The solid silica can be a fumed silica, a precipitated silica or a silica made by the gelformation technique. The silica particles suitably have an average particle size of from 0.1 to 50μ, preferably from 1 to 20μ and a surface area of at least 50m2 /g. These silica particles can be rendered hydrophobic by treating them with dialkylsilyl groups and/or trialkylsilyl groups either bonded directly onto the silica or by means of a silicone resin. It is preferred to employ a silica the particles of which have been rendered hydrophobic with dimethyl and/or trimethyl silyl groups. Silicone antifoams employed in a foam control agent according to the invention suitably have an amount of silica in the range of 1 to 30% (more preferably 2.0 to 15%) by weight of the total weight of the silicone antifoam resulting in silicone antifoams having an average viscosity in the range of from 2×10-4 m2 /s to 1m2 /s. Preferred silicone antifoams may have a viscosity in the range of from 5×10-3 m2 /s to 0.1m2 /s. Particularly suitable are silicone antifoams with a viscosity of 2×10-2 m2 /s or 4.5×10-2 m2 /s.

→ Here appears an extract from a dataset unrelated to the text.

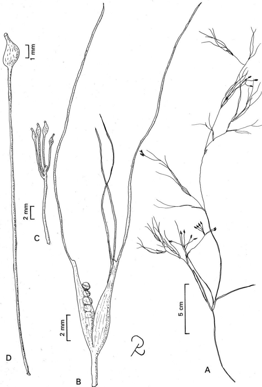
Ruppiaceae. Figure 2. Ruppia cirrhosa . A) Habit. B) Flowering branch (incl. a spicate inflorescence partially enclosed in a spathe and emerging new leaves). C) Cluster of single-carpel fruits from one flower. D). Single stalked fruit of one carpel. [Drawn by Jon Ricketson].
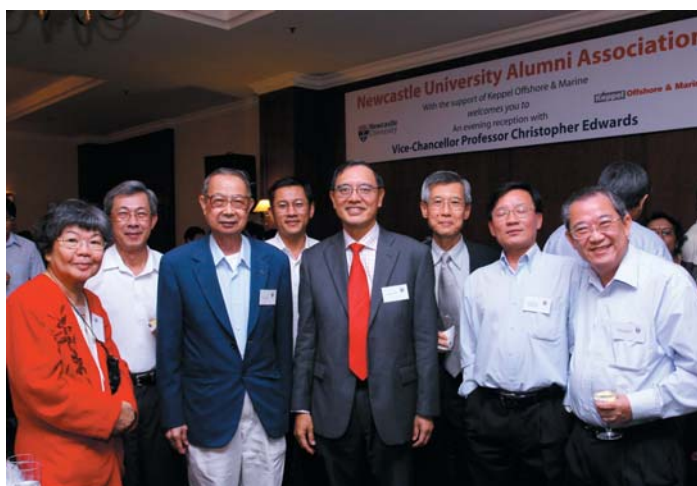
Catching up on the good ol' days

The carrier material for use herein provides the solid basis on which the silicone antifoam agent and the organic coating material are deposited during manufacture; the carrier material must therefore be in the form of solid particles, which are compatible with detergent ingredients, are water-soluble or water-dispersible to facilitate the dispersion of the silicone antifoam agent in the aqueous liquor during the wash cycle, and are capable to absorb or adsorb the silicone antifoam agent.

The carrier material is present in the present foam control agents at levels of from 50% to 90% by weight, preferably 60% to 75% by weight.

A preferred carrier material for use in foam control agents according to the: invention is starch, native or chemically modified both hot or cold gelling in water; other suitable materials are kieselguhur and Fuller's earth.

It is also possible to choose carrier particles for use herein, among ingredients which themselves play an active role in the laundering or washing process. Examples of such materials are zeolites, sodium tripolyphosphate (STPP) particles, sodium sulphate, sodium citrate, sodium carbonate, carboxymethylcellulose and clay minerals.

The organic coating material is present at levels of from 5 to 30% of the antifoam agents according to the invention, preferably from 8% to 22% by weight.

Organic coating material suitable for use in the granules of the present invention, can be water soluble/dispersible species, water-insoluble species, or a mixture thereof.

Water-soluble or water-dispersible carrier materials must be impermeable to detergent and must be substantially non-surface active. By substantially non-surface active is meant that the carrier material, itself, does not interact with the silicone material in such fashion that it is emulsified or otherwise excessively dispersed throughout an aqueous medium, rather than at the air/water interface.

A wide variety of carrier materials having the requisite solubility/dispersibility characteristics and the essential features of being non-surface active and detergent-impermeable are known. For example, the high-molecular-weight Carbowaxes ("Carbowax" is a trade mark) which have substantially not surface-active characteristics are useful herein. Examples of this type of material include the polyethyleneglycols having a molecular weight of from about 1,500 to about 10,000, especially about 4,000. Highly ethoxylated fatty alcohols such as tallow alcohol condensed with about 25 molar proportions of ethylene oxide are useful herein. Other alcohol condensates containing extremely high ethoxylate proportions (ca. 80) are also useful herein.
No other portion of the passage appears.